We have never seen this hyperinflation effect from low unemployment
When have you seen low unemployment? Have you ever seen 1% unemployment or a labor shortage in full?
So show me this 1% unemployment society with the problems you claim it'll have.
Let me break down the problems with the model you provide here. First, there's no evidence for your assertion that extremely low unemployment rates will have any significant effect on an economy aside from making it rather hard to fill jobs. There is some inflation effect, but it is an order of magnitude or more lower than anything you've claimed so far. There is a lot of elasticity in the job market and it's just not going to massively overconsume existing labor unless some urgent need or disaster comes up (like a meter of volcanic ash suddenly appears on the Midwest and the US needs food badly).
Second, your "universal social security" scheme is just not that awesome.
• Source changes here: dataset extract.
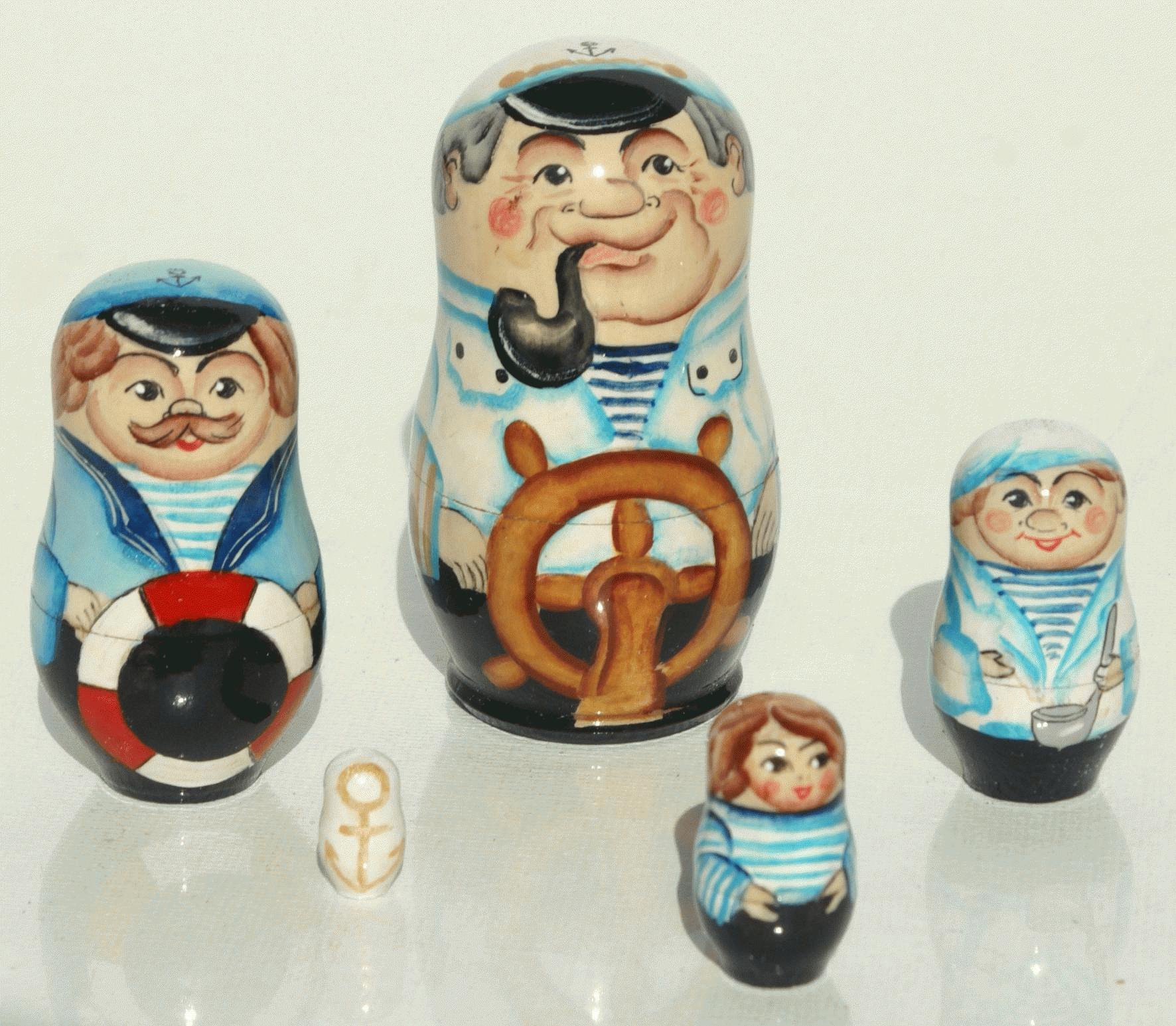 Matrioska de marinero, hecha en madera, altura 10 cm

We already have a number of similar programs throughout the world which should have similar effects. They act more like friction for the economy than somehow generating decades of economic growth in a short span of time. Again, another key lack of evidence.
Third, there's no linkage between having such a program and the problems you claim will happen. Why would demand for human labor suddenly jump massively just because wealth is being redistributed? There isn't really that much change in the economy. Poor people are just a somewhat bigger sliver. Nor is their spending somehow magic.
Finally, you have the opposite of a solution - doing exactly what it takes to make the problem worse, doesn't fix the problem.
Again: Imagine if $1,000,000,000,000 per year were dumped into the economy. Salaries don't go up, so the cost of goods isn't increased. Your employer still pays $50,000 to have you at your desk, but somehow you take home $6,000 more throughout the year, and NOBODY ELSE IS $6,000 POORER to get that money into your hands. Inflation doesn't make this go away: it's divided up as a fixed, scalar proportion of the money supply (17% of all income), and so e.g. 10% inflation means $1,100,000,000,000 more money is landing in people's paychecks, plus the 10% increase in their income they're already getting.
I've already covered printing money as a source of hyperinflation. That has nothing to do with the employment rate as Zimbabwe has so amply demonstrated.
Does that sound like anything that's ever happened in history to you? The total mobilized spending money is about $1.8 trillion, if you count money that's actually displaced (i.e. that this policy moves out of one person's hands and into the hands of another, notably giving poor people money to spend). That's 11.6% of all income absolutely, and 17% of all taxable income after deductions (including business income). Name one time something like that happened *permanently*, such that any inflation or increase in production would proportionally be reflected in the increased spending power (i.e. that if there's inflation, the amount of extra dollars you get to spend increases by that much, too).
I believe global public entitlements are about an order of magnitude bigger than that. If something awesome was going to happen, we'd see it by now.
My take is that a universal basic income scheme will just be another sort of mild friction in the economy. It takes wealth from people who were doing something really productive and gives it to people who are somewhat less productive. My expectations concerning such a scheme are that it's more something to keep people from starving and/or rioting rather than something that will have a significant benefit or change to the economy's systems.
And as long as you aren't printing money, there should be little to no inflationary effect from the scheme.